Güncelleme Tarihi:
İZMİR Büyükşehir Belediyesi Ahmed Adnan Saygun Sanat Merkezi, Cumhuriyet döneminin en büyük heykeltraşlarından Tankut Öktem'in sergisine evsahipliği yapacak. Dünya heykeltraşları arasında ilk 10’da gösterilen Öktem’in sergisi, 27 Ekim Cuma günü 18.00’de açılacak.

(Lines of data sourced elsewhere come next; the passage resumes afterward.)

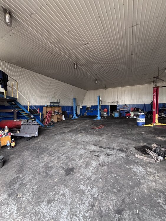 • Просторный ангар с высоким потолком — удобно для работы с крупногабаритной техникой или установки подъёмников.
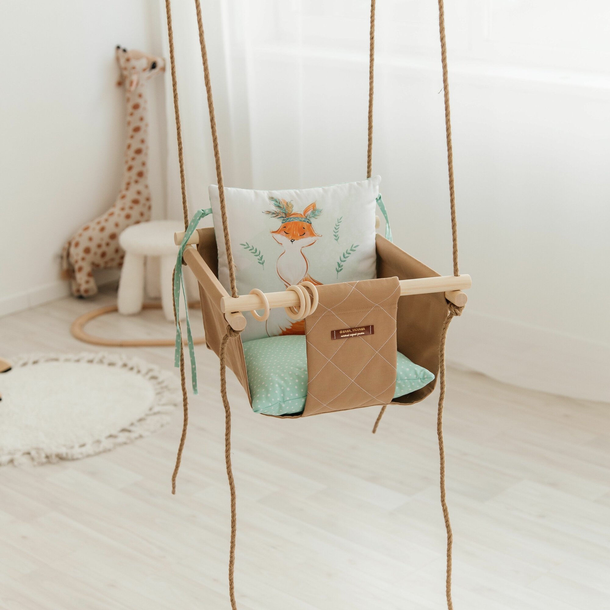 Качели подвесные детские тканевые с ремнем безопасности для дома и дачи "Лесные жители" подушка Лисичка с 6 месяцев интересное:
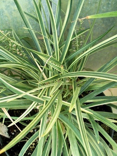 trsnatě uspořádán; úzký až čárkovitý list 30-50 x 0,5-0,8 cm, obloukovitý, kožovitý; sytě zelený, v kultivarech bíle nebo žlutě panašovaný

Taşı ve bronzu vefaya dönüştüren heykeltıraş Prof. Dr. Tankut Öktem, aramızdan ayrılışının 10. yılında retrospektif (dünden bugüne) bir sergiyle İzmir Büyükşehir Belediyesi Ahmed Adnan Saygun Sanat Merkezi'nde (ASSM) anılıyor. Sanat yaşantısı boyunca formların, ışığın, gölgenin arayışını sürdüren; efelerden, ozanlardan, Kuvayi Milliye Destanı’na kadar pek çok değeri heykelleriyle yaşatan Tankut Öktem’in sanat yaşamındaki tüm dönemlerine ışık tutan sergi, 27 Ekim Cuma günü saat 18.00’da açılacak. Giriş ve üst galerilerde yer alacak sergide, ünlü heykeltraşın, aralarında Ulus'taki evinin önündeki Ahmed Adnan Saygun heykelinin de yer aldığı anıt eserleri yer alacak. 27 Aralık’a kadar açık kalacak, hafta içi ve cumartesi günleri 09.00 – 18.00 saatleri arasında gezilebilecek sergi ile ilgili olarak aassm.org.tr adresinden gerekli bilgilere ulaşılabilecek.
İZMİR, (DHA)
FOTOĞRAF
KUTU
DÜNYA HEYKELTRAŞLARI ARASINDA İLK 10’DA
3 yaşındayken balmumu ve çamurdan heykeller yapmaya başlayan, 7 yaşında resim ve heykelleriyle “Harika Çocukö seçilen, 1988'de düzenlenen Sanat Olimpiyatları için bronzdan yaptığı soyut eseriyle dünya heykeltraşları arasında ilk 10’a giren Öktem; geride 1000'e yakın çamur, taş ve bronzdan yapılmış eser bıraktı. Sanatçı 67 yıllık yaşamında; aralarında Çanakkale anıtlarından Kara Harp Okulu Harbiyeli Anıtı'na, Kastamonu Şerife Bacı Anıtı'ndan Zonguldak Maden İşçileri Anıtı'na, Magosa Özgürlük Anıtı'ndan Amasya Tamimi Anıtı ve Uşak Özgürlük Anıtı'na kadar ülkemizdeki yüzlerce esere imza attı.
Yapıtlarındaki figürlerin bir araya gelişlerinde duygusal ve anlatımcı tarafa önem veren; bütünden parçaya ulaşmayı ilke edinen Öktem’in kompozisyonlarındaki ışık ve gölge dengesi, üstün bir estetik duygusunun ürünü olarak görülür.
Kuvvayi Milliye Destanı'nın yontucusu, Cumhuriyet’in büyük heykel ustası Öktem; Atatürk’ü statik kılan ve yalnızlaştıran heykel anlayışına başkaldırısını, onu halkıyla birlikte yükselen bir lider olarak tasvir ettiği heykelleriyle ortaya koyuyor.